Why it matters: The acquisition comes as SoftBank founder Masayoshi Son accelerates his push to position the group as a central player in what he calls “next-generation AI infrastructure.” Investors are racing to secure the computing power, connectivity, and energy capacity underpinning the AI boom.
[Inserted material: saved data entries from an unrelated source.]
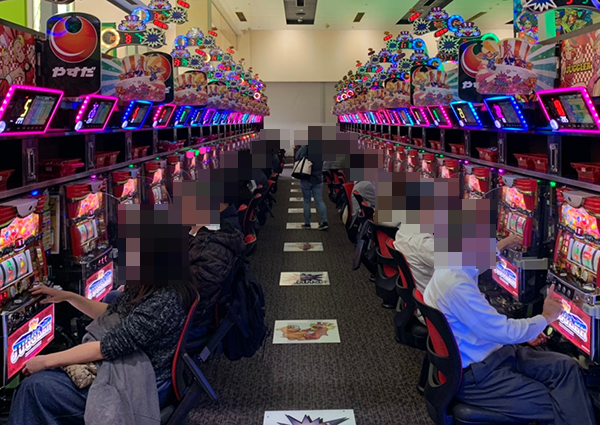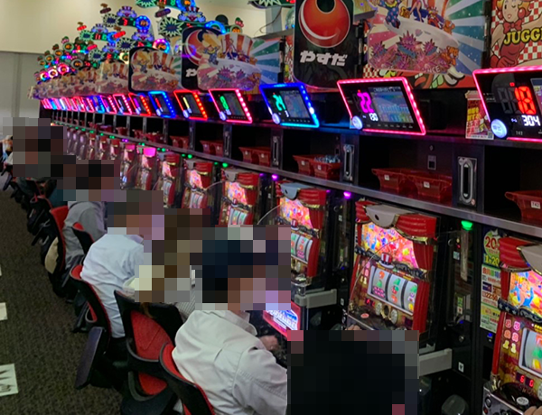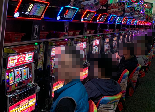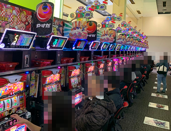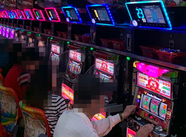 遊技を満喫しているような姿のほかに、『マイジャグラーⅣ』とおなじく、14時の時点でボーナス回数が20回以上の台も目にしている。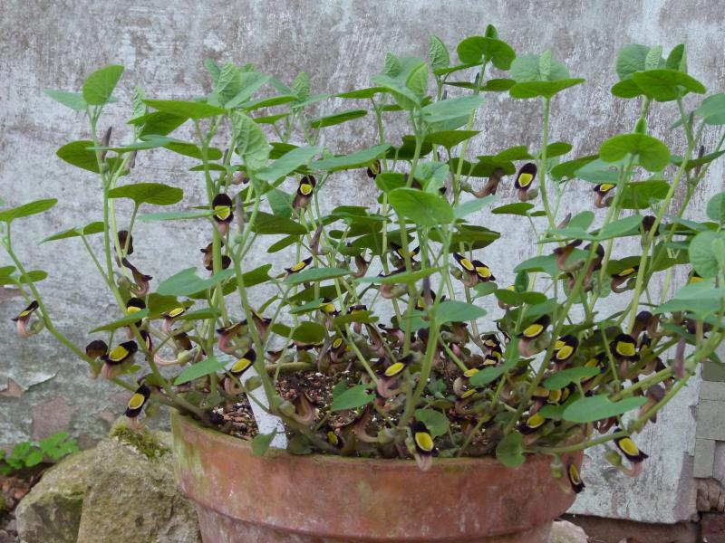 Ein Teilstück steht direkt daneben in gewachsener Erde (die gleiche Erde, die ich für den Topf verwende) und unter gleichen Bedingungen (Schatten, nur eine Stunde Halbschatten, kühl): Sie verliert einen Teil der Blätter, die neuen Blätter sind viel kleiner, und wie bei allen Teilstücken im Garten ist die Blüte ärmlicher als bei den getopften Pflanzen. Auch die Schnecken fressen zunächst die "Erdpflanzen" an. Abgestorben ist bisher aber keine Pflanze!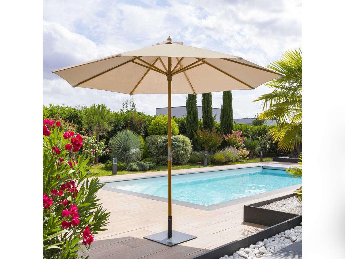 Ce parasol rond est apprécié pour son style invitant la nature : sa structure en bois de bambou est chaleureuse et lui donne un look aussi moderne que traditionnel. Sa toile est disponible en coloris taupe ou noisette.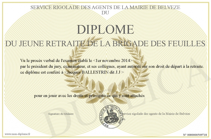 Envoyez par email votre Diplôme du Jeune Retraité de la Brigade des Feuilles personalisé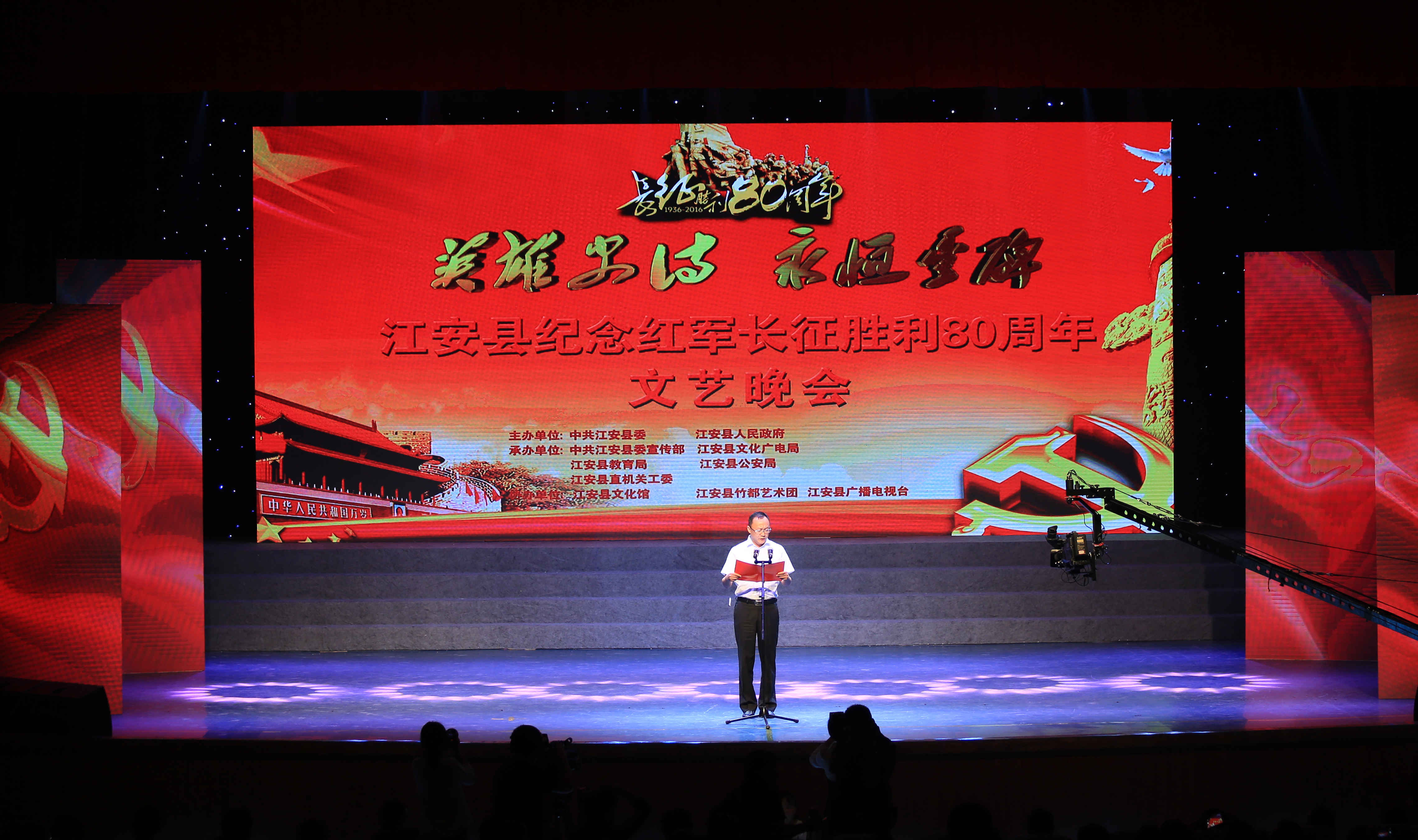 9月27日晚,由中共江安县委、江安县人民政府主办,中共江安县委宣传部、江安县文化广电局等单位联合承办的纪念红军长征胜利80周年文艺晚会在装饰一新江安剧场正式举行。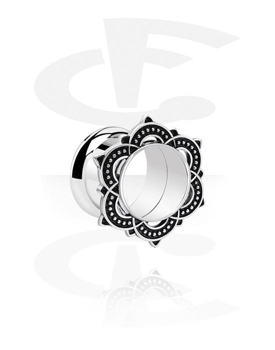 Tunel z dwoma ściankami (stal chirurgiczna, srebro, błyszczące wykończenie) z kwiatowym wzorem vintage

#2- Nvidia has quietly completed a USD 5 bn investment in Intel, throwing another financial lifeline to the once high-flying US chipmaker.

MEANWHILE- It’s another geopolitics-heavy morning with sabre rattling heard from our corner of the world to the Taiwan Strait. Here’s what you need to know:

  • After a meeting with Netanyahu, Trump has promised to “knock the hell” out of Iran if it rebuilds its missile or nuclear programs. “I’m not concerned about anything that Israel is doing,” he told reporters at a joint presser in Florida.
  • Trump sidestepped questions about what’s next for Gaza.
  • Protests continue in Iran, with people taking to the streets in Tehran and other major cities to denounce the high cost of living.

AND- US stocks lagged emerging markets and just about everyone else this year. Here’s the breakdown:

  • S&P500 — up 17.4% YTD
  • MSCI All Country World ex-US — up 29%
  • MSCI Emerging Markets — up 31.8%
  • EGX30 — Up 40.3%

The S&P lagged China, Japan, Germany, and the UK as even “relatively unloved” markets made a comeback, the Financial Times notes.